» **Data entries**
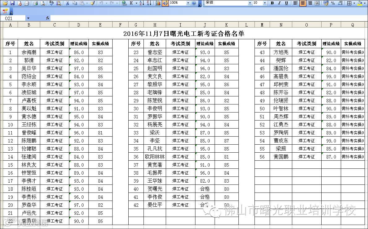 2016.11.07曙光电工新考证考试合格名单 佛山市曙安安全技术服务公司
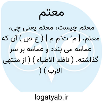 معتم. [ م ُ ت َم م ] ( ع ص ) آن که عمامه می بندد و عمامه بر سر گذاشته. ( ناظم الاطباء ) ( از منتهی الارب ) ( از اقرب الموارد ). صاحب عمامه. مُعَمَّم. ( یادداشت به خط مرحوم دهخدا ). و رجوع به اعتمام شود.
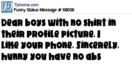 X Dear boys with no shirt in their profile picture, I like your phone. Sincerely, hunny you have no abs
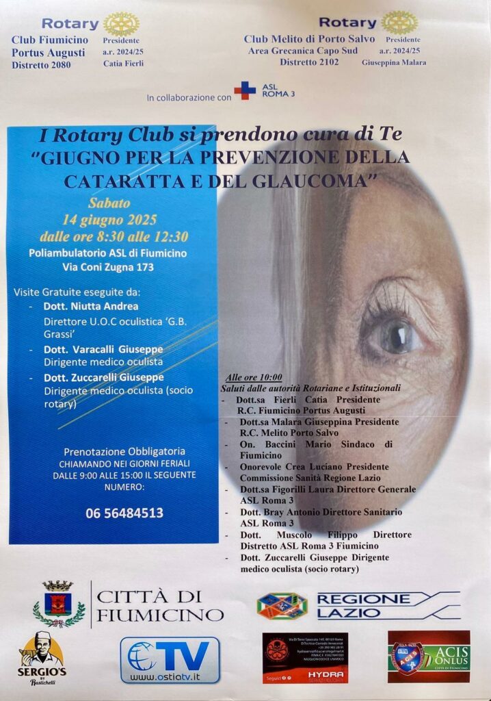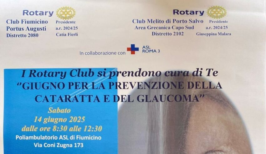 il Rotary Club Fiumicino Portus Augusti e il Rotary Club Melito di Porto Salvo organizzano una giornata dedicata alla prevenzione della cataratta e del glaucoma, con visite oculistiche gratuite presso il Poliambulatorio ASL di Fiumicino.
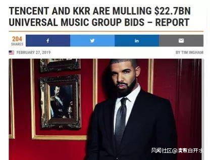 根據路透社的説法,這起荒誕的新聞,起源於中國深圳的騰訊公司或將以大約300億美元的價格購入美國大型唱片公司“環球音樂”準備出售的最多50%的股份。

» **Prompt**
Pictures should be skipped, and the records retyped word for word.

» **Result of this exercise**
 2016.11.07曙光电工新考证考试合格名单 佛山市曙安安全技术服务公司
 معتم. [ م ُ ت َم م ] ( ع ص ) آن که عمامه می بندد و عمامه بر سر گذاشته. ( ناظم الاطباء ) ( از منتهی الارب ) ( از اقرب الموارد ). صاحب عمامه. مُعَمَّم. ( یادداشت به خط مرحوم دهخدا ). و رجوع به اعتمام شود.
 X Dear boys with no shirt in their profile picture, I like your phone. Sincerely, hunny you have no abs
 il Rotary Club Fiumicino Portus Augusti e il Rotary Club Melito di Porto Salvo organizzano una giornata dedicata alla prevenzione della cataratta e del glaucoma, con visite oculistiche gratuite presso il Poliambulatorio ASL di Fiumicino.
 根據路透社的説法,這起荒誕的新聞,起源於中國深圳的騰訊公司或將以大約300億美元的價格購入美國大型唱片公司“環球音樂”準備出售的最多50%的股份。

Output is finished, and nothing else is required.